### Aim of the task
Search the entries below for "Großpuppe". Report each line where it occurs.

Stored data

⟨

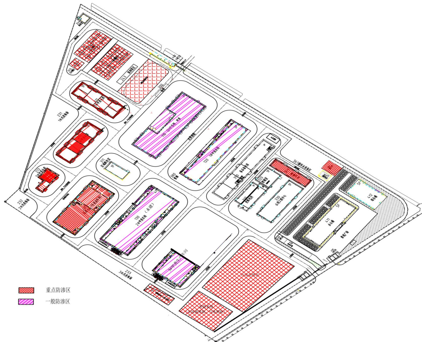
附图5 项目厂区分区防渗图
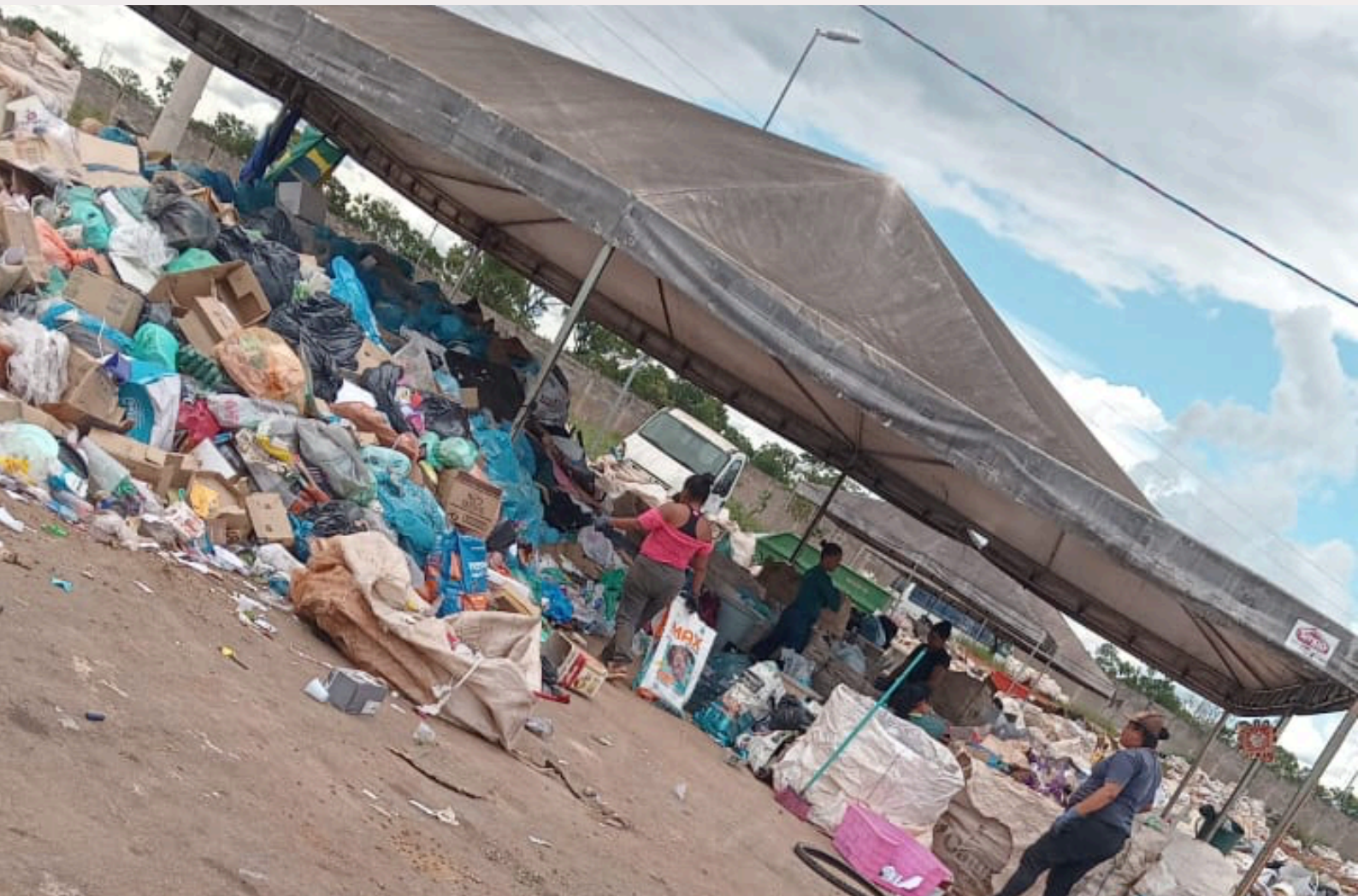
Tendas improvisadas ainda são usadas pelas cooperativas para a separação dos resíduos.

O cenário dos resíduos sólidos no Brasil vem passando por uma transformação estrutural, impulsionada por marcos legais e intervenções judiciais que têm como foco central a figura do catador de materiais recicláveis. Longe de serem meros "coletores informais", hoje esses trabalhadores são reconhecidos pela lei como agentes ambientais essenciais. A trajetória dessa mudança tem como base a Lei 12.305/2010, que instituiu a Política Nacional de Resíduos Sólidos (PNRS), um divisor de águas ao reconhecer oficialmente a profissão de catador.
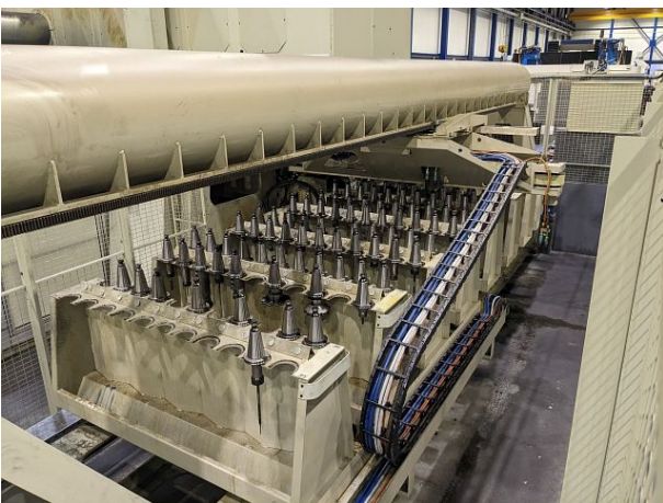
WZ Wechsler Magazin
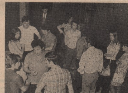
И У ПАУЗИ САСТАНКА: о проблемима омладинске организације

констатовао да је идеолошко-политичко образовање сеоске омладине на независном нивоу а исти случај је и са културно-забавним животом.
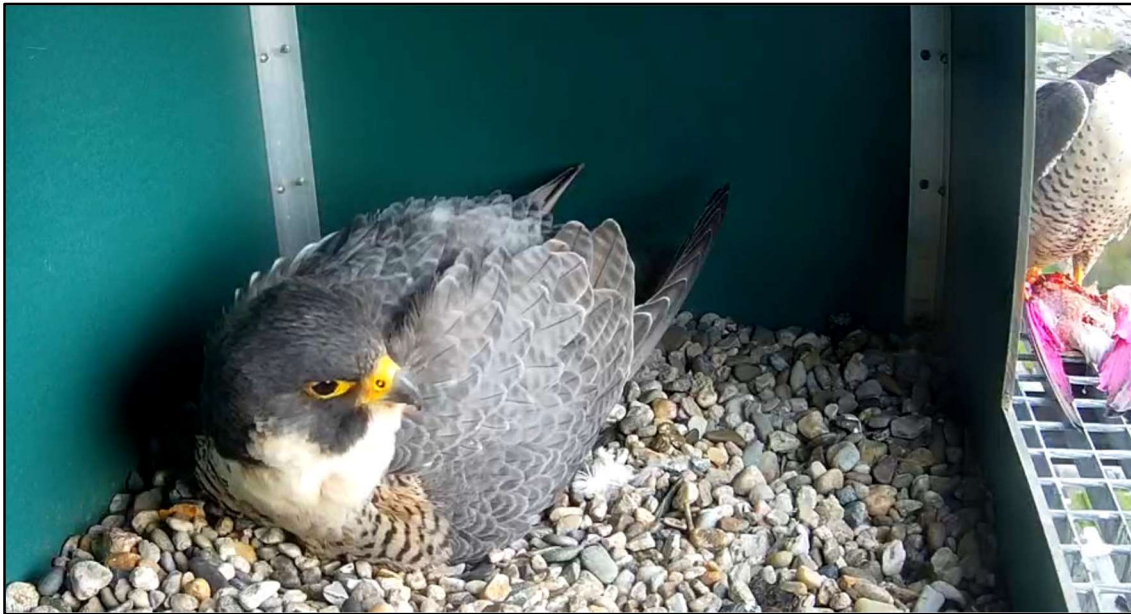
Duivenhouders verven hun duiven om roofvogels af te schrikken. Alphen aan de Rijn, 26 april 2023.
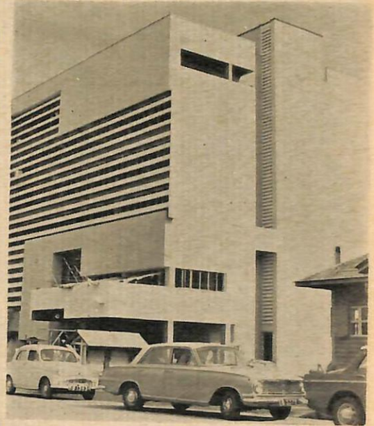
Bangunan baru Dewan Bahasa dan Pustaka
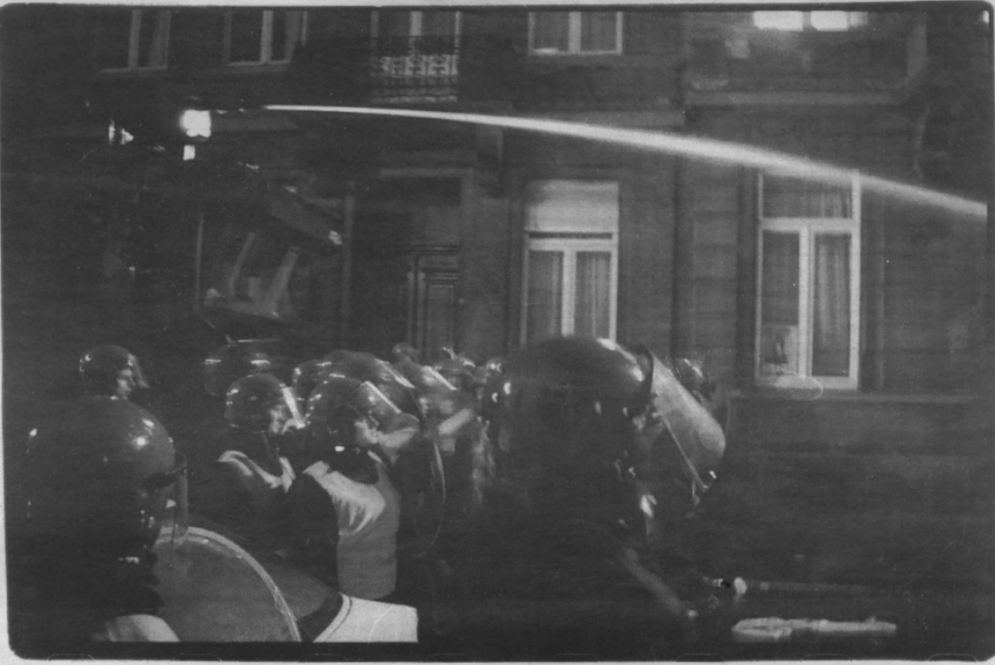
De vredespijp geblijft
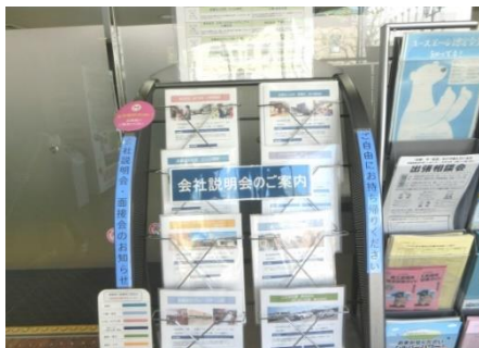
正面玄関内 (ラックにリーフレット・会社資料 等)
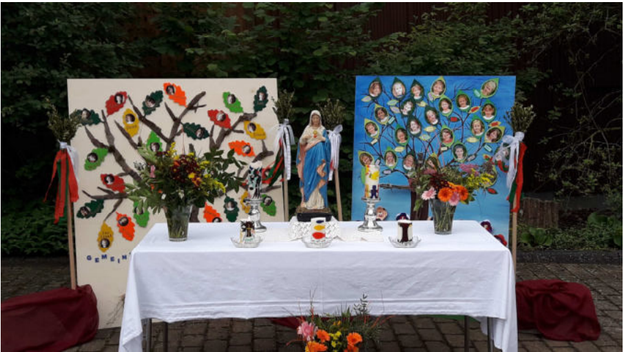
(Altar der Kommunionkinder)
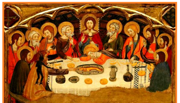
© Jaume Serra. Retable de la Mère de Dieu. 1367-81

Prière. Célébrant Seigneur Jésus-Christ, dans cet admirable sacrement, tu nous as laissé le mémorial de ta passion ; donne-nous de vénérer d'un si grand amour les mystères de ton corps et de ton sang, que
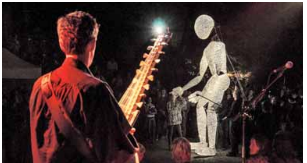
DUNDU heißt die Großpuppe, die am Samstag auf dem Marktplatz für Aufsehen sorgen wird.

Durch ihre vierzehn Glieder, die von einem fünfköpfigen Team von Puppenspielern animiert werden, ist die Großpuppe dazu noch erstaunlich beweglich. Die streng figurlich gehaltene Gestalt verleiht ihr eine universelle Persönlichkeit, die dem Zuschauer Raum bietet für eigene Projektionen. Hinzu kommen die freie Spielbarkeit und sehr menschliche Bewegungen von DUNDU, die einzigartige Interaktionen mit dem Publikum ermöglichen. Ein faszinierendes Erlebnis.
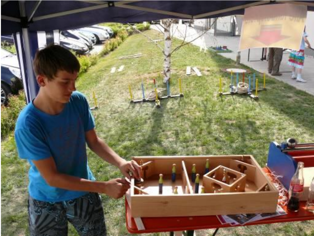
Kreisel-Labyrinth – es geht wirklich: mit der Schnur wird ein Kreisel ins Labyrinth geschickt. Schafft er's, die Ritter und Prinzessinnen auf dem Weg zum König umzukegeln?

Übersicht über die Holzspielgeräte, die ausgeliehen werden können. Kontakt: BürgerNetzWerk Igersheim im Rathaus, Möhlerplatz 9, 97999 Igersheim, Tel. 07931/497-22 E-Mail: buergernetzwerk@igersheim.de

⟩

### Result below
DUNDU heißt die Großpuppe, die am Samstag auf dem Marktplatz für Aufsehen sorgen wird.
Durch ihre vierzehn Glieder, die von einem fünfköpfigen Team von Puppenspielern animiert werden, ist die Großpuppe dazu noch erstaunlich beweglich. Die streng figurlich gehaltene Gestalt verleiht ihr eine universelle Persönlichkeit, die dem Zuschauer Raum bietet für eigene Projektionen. Hinzu kommen die freie Spielbarkeit und sehr menschliche Bewegungen von DUNDU, die einzigartige Interaktionen mit dem Publikum ermöglichen. Ein faszinierendes Erlebnis.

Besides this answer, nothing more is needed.